Records drawn from a dataset

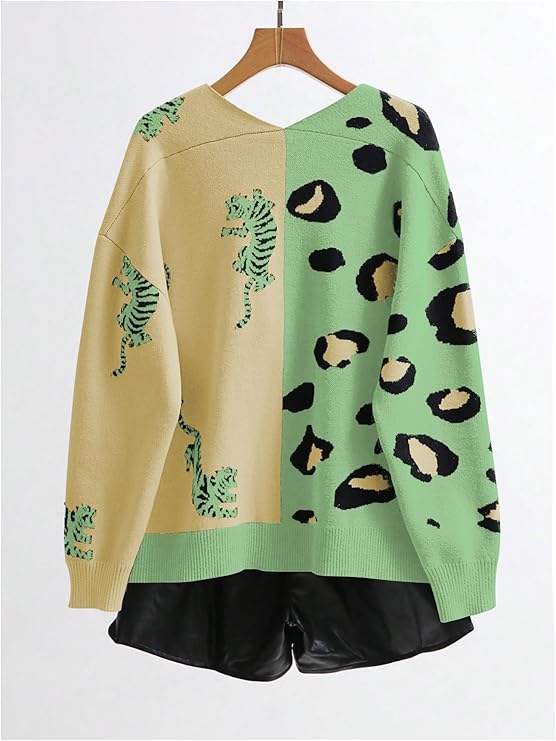 WDIRARA Women’s Leopard Tiger Print Cardigan V Neck Long Sleeve Color Block Button Down Sweater Outwear Yellow and Green
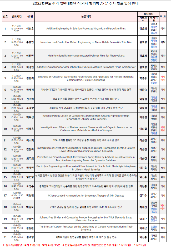 ※ 학과홈피/대학원/대학원학사공지 “2023 전기 학위청구논문 심사일정 안내” 공지 확인바랍니다.
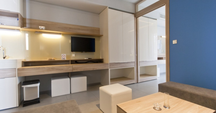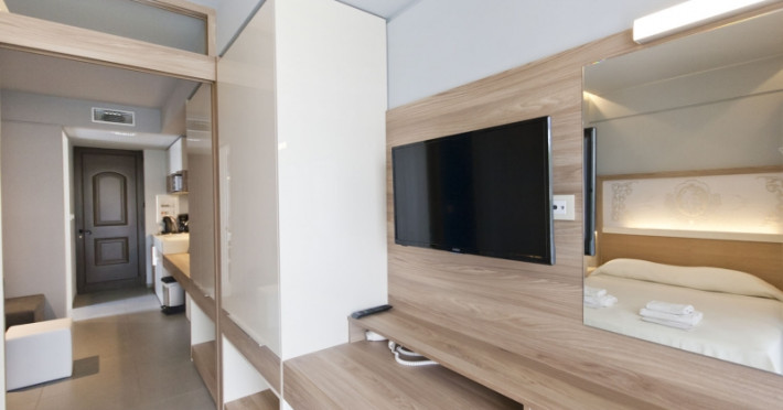 Sunt disponibile 137 camere. În camere există baie cu cadă sau duș prevăzută cu foehn. Camerele luminoase de la Geraniotis Beach Hotel sunt dotate cu aer condiționat, Tv și seif. Fiecare cameră dispune de un aparat pentru preparare cafea sau ceai. Oaspeții pot solicita serviciul de room service pentru a servi masa sau diverse băuturi. Oaspeții au acces gratuit la serviciul Wi-fi în camere. Curățenia in cameră se face zilnic. Fiecare unitate de cazare are frigider.
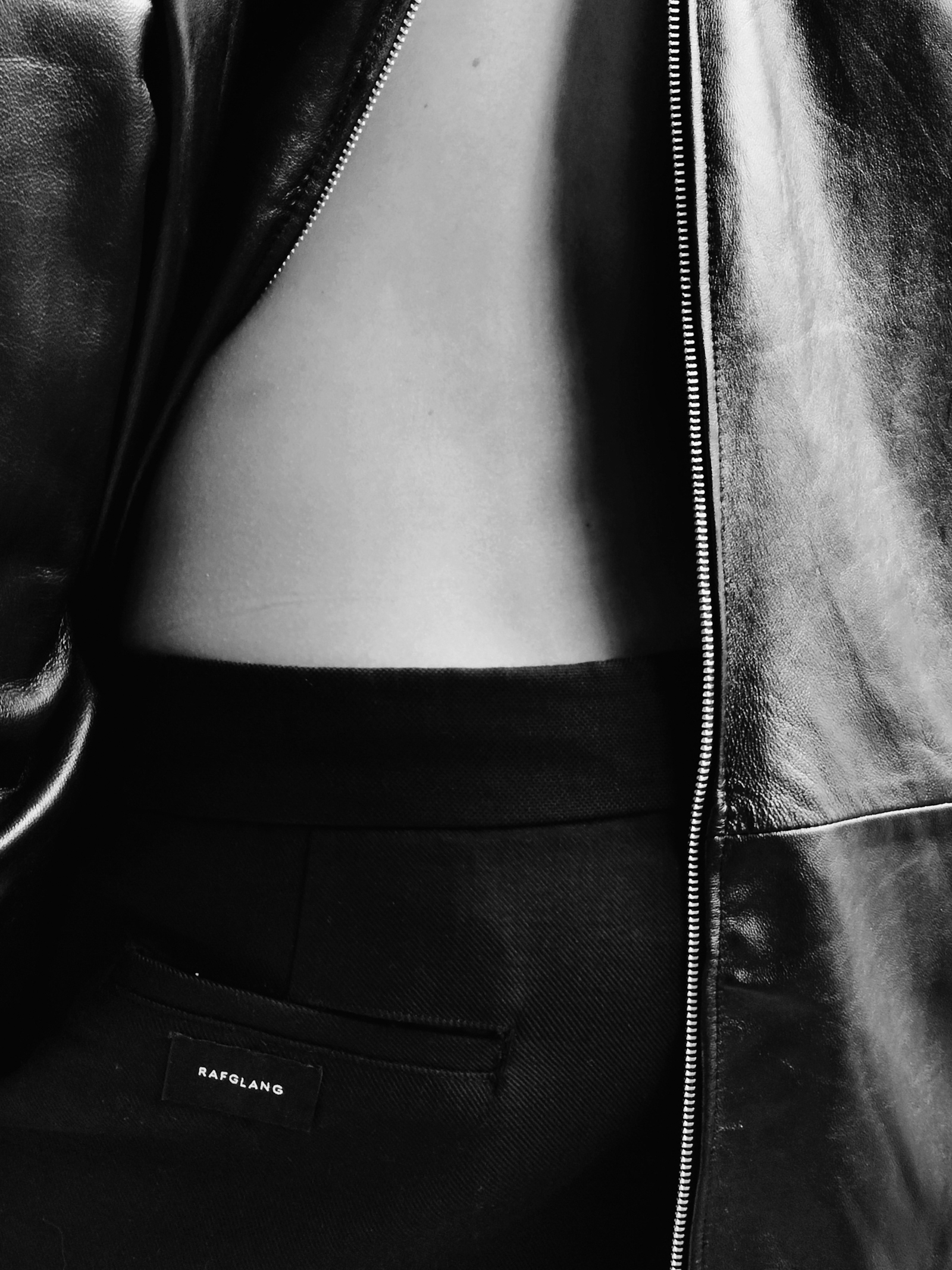 Repurposed Leather Coat No. 1; Reengineered Twill Trousers No. 1. Courtesy of Rafglang
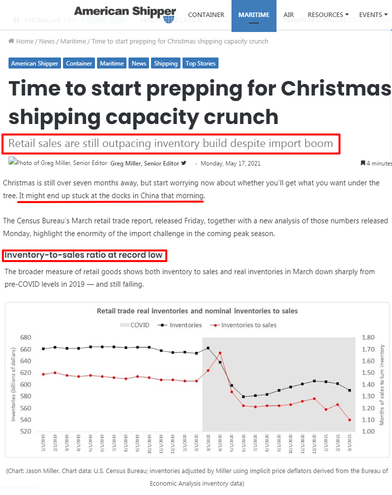 这篇文章非常适合发给美国客人看,它详细分析了美国零售市场的库存量和销售量的对比,显示出进货量赶不上库存量,虽然大家已经在疯狂进货了。文章说:"你也不想圣诞节时才发现自己的礼物还在中国港口吧!"
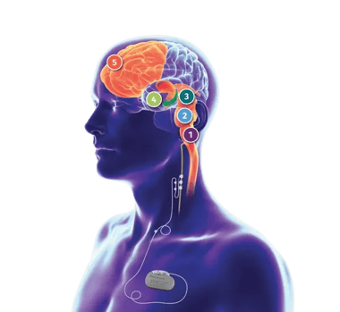 Vagale Afferenzen projizieren in erster Linie zum Nucleus tractus solitarius (NTS), der dann Fasern zu anderen Hirnstammkernen sendet, die die subkortikale und kortikale Aktivität modulieren. Dieses vagale afferente Netzwerk ist wahrscheinlich die neurale Basis für die anfallshemenden Wirkungen der VNS Therapy.
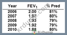 유육종증이 있는 45세 여성이 매년 폐 기능 검사를 받습니다. 다음 데이터가 기록되었습니다.
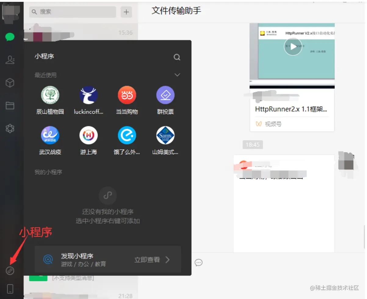 电脑端登陆微信-点开小程序
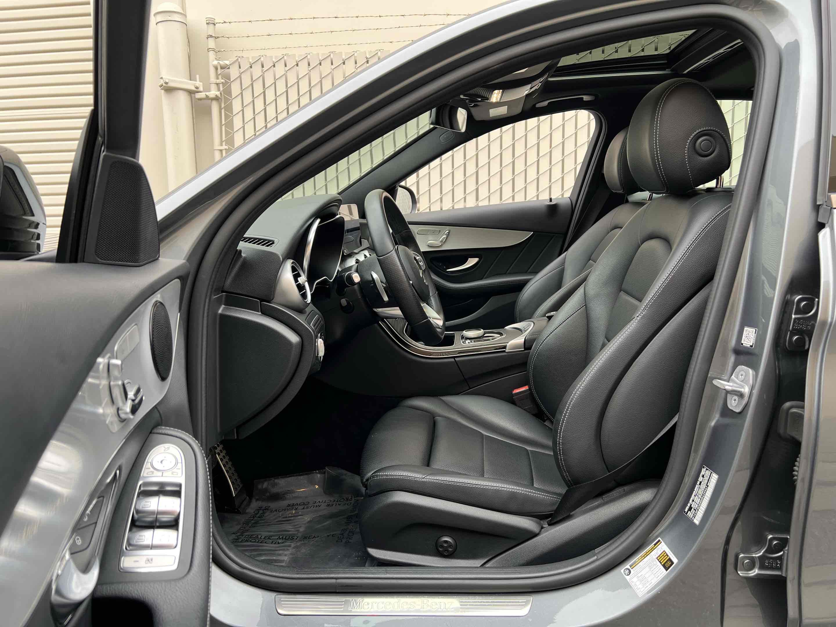The 2021 Mercedes-Benz C 300 Sedan in Selenite Grey Metallic embodies refinement and performance, quintessentially representing the brand's luxury ethos. Its sleek silhouette is accentuated by the AMG Line package, featuring dynamic styling elements that enhance its aesthetic appeal. Elevating its presence on the road, the sedan is equipped with striking 19'' AMG multispoke wheels, complete with black accents, which perfectly contrast the sophisticated grey exterior. The Night Package adds a bold touch, incorporating high-gloss black elements that amplify the vehicle's sporty allure. Inside, the C 300 Sedan offers a sanctuary of comfort with its meticulously crafted Black interior. High-quality materials and precise attention to detail enhance the cabin’s atmosphere, creating an ambiance of understated elegance. The interior design seamlessly integrates with advanced technology, offering a driver-centric experience that is both intuitive and luxurious. The spacious layout ensures a comfortable journey for all passengers, making it suitable for both daily commutes and longer drives. Beneath its sleek exterior lies a 2.0L 4-cylinder engine that provides a perfect balance of power and efficiency. This engine delivers impressive performance, ensuring a responsive and exhilarating driving experience. The sedan's advanced engineering and state-of-the-art features offer a harmonious blend of luxury and dynamism. In the 2021 Mercedes-Benz C 300, style and substance converge to create a vehicle that stands out for its innovative design and exceptional performance.
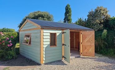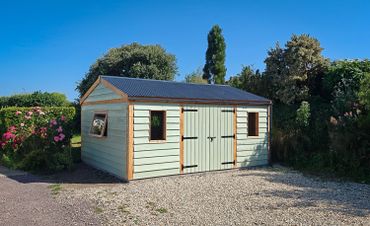 We have a range of lovely colours, please see our Build Options page for more details, and the Accessories page for shelving & workbenches etc.
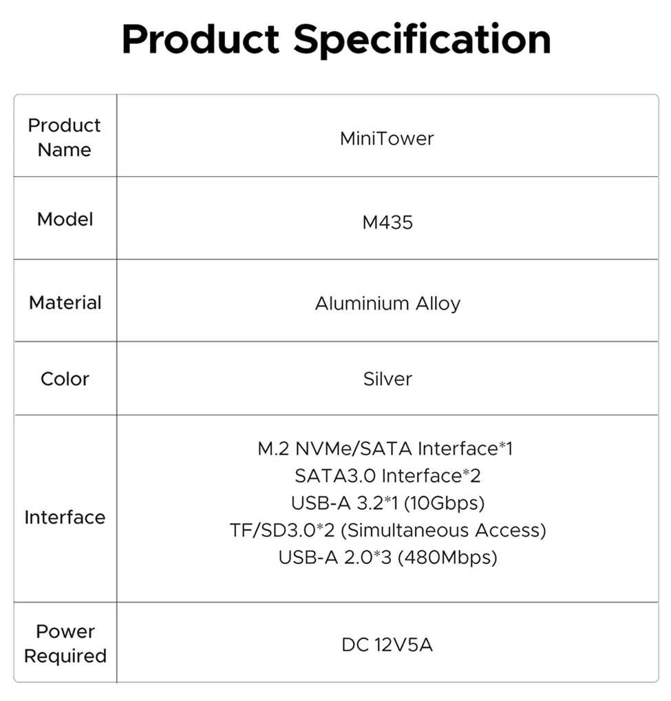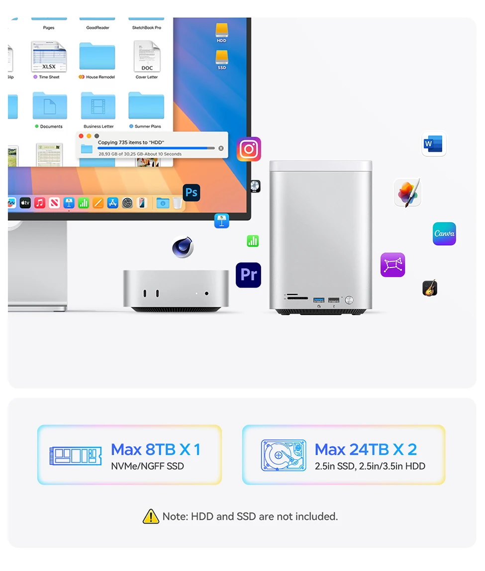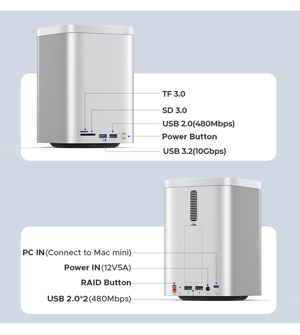 ORICO 2.5/3.5"HDD 케이스 10Gbps M2 NVMe SATA SSD 인클로저 USB 허브 도킹 스테이션 Mac Mini M4용 RAID DAS 하드 드라이브 보관함

» Exercise: The data above holds the lines to copy: start at the one with "유육종증이 있는 45세", stop at the one with "电脑端登陆微信-点开小程序", include both, copy them exactly without pictures, and copy nothing else.

» Task solution:
 유육종증이 있는 45세 여성이 매년 폐 기능 검사를 받습니다. 다음 데이터가 기록되었습니다.
 电脑端登陆微信-点开小程序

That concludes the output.